まさか直接飛び膝蹴りでもすると思っているのか。
「ボス戦には正拳突きでしょ普通に考えて」
「だからやめなさいって」
「ねえ、あたしって……いい匂いする?」
「急に何? 別に普通じゃない?」
「香水でごまかしてる人にはわからないか」
「なんか汗臭いときあるよ。必死こいてゲームやってる時とか」
ちょっと言うと全力で返してくる。
思春期のJKに向かって汗臭いとか禁止ワードだろうにどう考えても。
ならばと唯李はぐっと腕を曲げて二の腕を叩いてみせて、
「まあ女子って言ったらこっちよこっち」
「アームレスリング?」
「ちゃうわ」
女子の腕といえばもちろん料理。
料理といったらお弁当。
「初心に戻るっていうかね、結局そこに帰ってくるわけ。原点にして頂点というか」
「意外にそれぐらいしかなかったことに気づいたのね」
「んもうまたそうやって! もうお姉ちゃんにお弁当作ってあげないから!」
唯李は踵を返すとぷりぷりと大股に自分の部屋に戻ろうとする。
だが真希がすぐに後にひっついてベタベタと腕を触ってきて、
「待って待って~。お姉ちゃんはねぇ、唯李ちゃんのいいところい~っぱい知ってるよ」
「……例えば?」
返答の代わりにすっと下の方から伸びてきた手首をがっと掴んだ。
「どうせこのケツがって言うんでしょ」
「ケツとは言わないけどね。言い方よくないよね」
もうすっかり手口は読めているのだ。
しかしそう言われて、唯李はふと首を傾げる。
(ケツ……尻……尻弁当……? 臀部? 桜でんぶ? 桜尻……? そういうこと……?)
ひらめいた。
ようで何もなかった。
翌日の朝は、珍しく唯李が悠己より遅れて登校してきた。
椅子を引く音でちらっと隣の唯李へ視線を送ると、昨日一日引っ張っていたはずのメガネが今日は見る影もない。

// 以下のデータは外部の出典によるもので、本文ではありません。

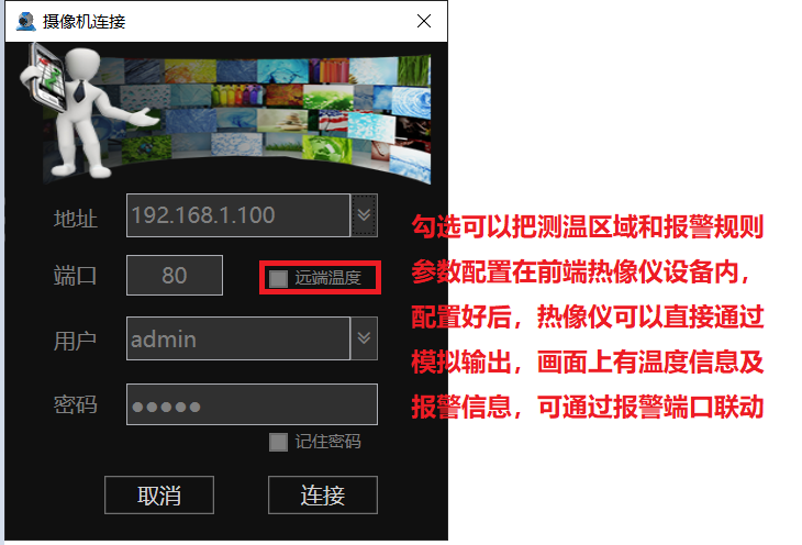 本軟件支持接入具有前端測(cè)溫功能的我司熱像產(chǎn)品,登入設(shè)備的時(shí)候勾選遠(yuǎn)端測(cè)溫即可(需要前端熱像儀支持此功能),設(shè)置方法參考上面說明,配置成功后熱像可以通過模擬輸出連接監(jiān)視器監(jiān)控測(cè)溫,監(jiān)控畫面可顯示配置的區(qū)域及目標(biāo)溫度。產(chǎn)生告警,畫面右上角會(huì)有報(bào)警圖標(biāo),報(bào)警信號(hào)也可以通過熱像報(bào)警輸出口外接報(bào)警設(shè)備。

悠己が「メガネは?」という意味を込めてじっと唯李の顔を見てやるが、当人は「何か?」と言わんばかりの何食わぬ顔で席に座っているので、
「……今日メガネは?」
「一晩寝たら視力回復した」
凄まじい自己再生能力。転生したスライムか何かか。
あまりにきっぱりと言い切ったので、これ以上詮索するのもどうかと思い触れないでおく。
そんなことよりも今はテスト勉強だ。
やはり家に帰ってしまうとどうにもはかどらない。主に瑞奈のおかげで。
ちょっとでも取り返さねばと机に向かっていると、おもむろに横から唯李の手が伸びてきて、机の上にことりと花柄の布に包まれた正方形の箱状の物体を乗せてきた。
「何? これは……爆発物?」
「お弁当。あげる」
「え? なんで?」
「なんかその、お騒がせしたかなっていうお詫びの意味を込めて」
「何を?」
「いやだから、あれよほら……そう、石のお礼!」
なんだか無理やりこじつけた感がする。
相変わらずよくわからなかったが、もらえるならラッキーなので余計なことは言わずにもらっておく。

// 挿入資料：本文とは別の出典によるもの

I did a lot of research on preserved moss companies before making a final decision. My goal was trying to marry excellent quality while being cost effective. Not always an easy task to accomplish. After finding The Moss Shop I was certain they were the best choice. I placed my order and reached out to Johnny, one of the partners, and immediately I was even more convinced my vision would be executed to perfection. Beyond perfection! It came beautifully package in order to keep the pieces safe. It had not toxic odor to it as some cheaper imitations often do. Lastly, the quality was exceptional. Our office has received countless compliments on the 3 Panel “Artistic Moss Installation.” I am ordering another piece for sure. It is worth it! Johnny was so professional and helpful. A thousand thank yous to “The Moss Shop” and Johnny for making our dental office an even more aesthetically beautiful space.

お弁当をカバンの中に押し込むと、少し身を乗り出してきた唯李が小声で、
「でんぶはいってるよでんぶ」
「はあ?」
「またまたぁ。好きなんでしょ?」
などとブツブツ言っているが意味不明なのでスルー。
それにしてもずいぶん余裕のようだが、よほどテスト勉強が進んでいるのか。
そしてお昼休み。
さっそく唯李からもらったお弁当を取り出していただこうとすると、またも唯李の席に女子が集まってきてしまった。

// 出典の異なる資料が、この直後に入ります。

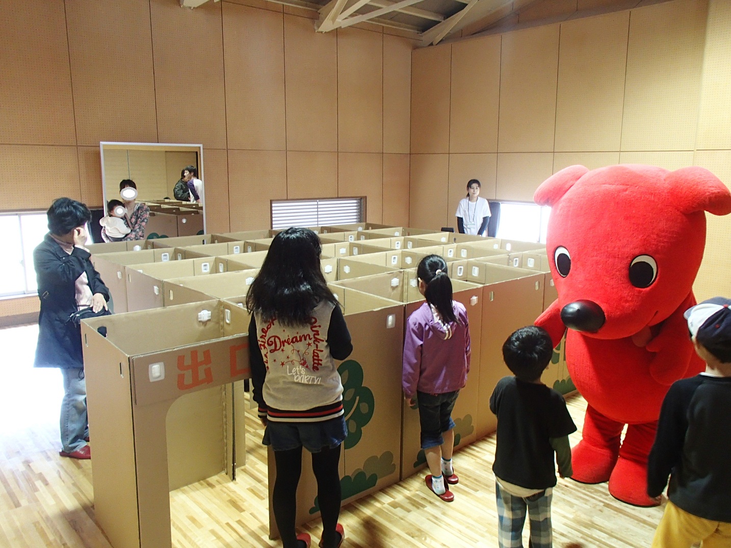 第2小体育室では段ボール迷路(お一人1回200円でチーバ君との記念写真プレゼント)は多くのちびっこ達に大好評。

こうなるとここでおもむろに弁当箱を広げて食べるのはなんとなくやりづらい。
さらにこの女子集団の……特に約一名から強い視線を感じるのだ。こちらのリアクションが気になるのかなんなのかわからないが。
やがて隣がぺちゃくちゃとうるさくなってきてしまったので、耐えきれず悠己はお弁当を持って席を立つ。
せっかくのお弁当なのだから、ゆっくり静かなところで食べたい。
そう思った悠己は、ふとこの間の例の場所に行こうと思いつく。
(凛央は……いないだろうなきっと)
まさか毎日あそこで食べているというわけでもないだろうし。
そんなことを思いながら昇降口から外に出て、校舎の裏手へ。
悠己も二度目なので勝手知ったるだ。
突き出たコンクリート部分をいくつかまたいで、さらに奥まったところの角を折れて、難なく到着。
「あ」
……いた。
まるで定位置のようにコンクリートのくぼみに行儀よく座り込んだ凛央は、漫画本を片手におにぎりを頬張っていた。